La politique industrielle mise en œuvre jusqu'à récemment par le néolibéralisme se modifie dans les pays centraux, mais le néolibéralisme lui-même n'est pas écarté

Eh bien, c'est le titre, traduit en portugais, d'un article de Cédric Durand paru dans le numéro 138 (nov./déc. 2022) de Nouvelle revue de gauche. Pourquoi le copier sans aucune dissimulation ? Or, pour amorcer une remise en cause de la thèse de l'accent régulationniste qu'elle véhicule – fondée donc sur une théorie née au milieu des années 1970 et qui s'est construite dans un point de vue critique à la fois les théories néoclassiques et keynésiennes et le marxisme de Louis Althusser – mais en utilisant les deux derniers. Ici, de cette manière, il tente de penser la conjoncture macroéconomique actuelle dans les pays du centre du système capitaliste – encore mondialisés, mais désormais fracturés par un conflit impérialiste.

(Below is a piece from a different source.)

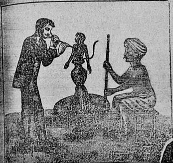
ননপ্তশ্বে, ননপ্তশ্বে ননপ্তশ্বে নমো নমো।

যো বীৰ: কৃত্ত চক্ৰাং তু কপিৰূপেণ সস্তুঃ।

Pour cela, dans un premier temps, il est nécessaire de présenter brièvement leurs arguments, qui entendent étayer cette prédiction capitale qui, soit dit en passant, n'est pas tenue pour acquise, mais comme possible et même très probable. Selon cet auteur « il y a des signes indéniables qu'un nouveau régime macroéconomique est en train de se dessiner ». Mais qu'est-ce qui signale réellement à la politique économique dominante qu'elle doit changer ?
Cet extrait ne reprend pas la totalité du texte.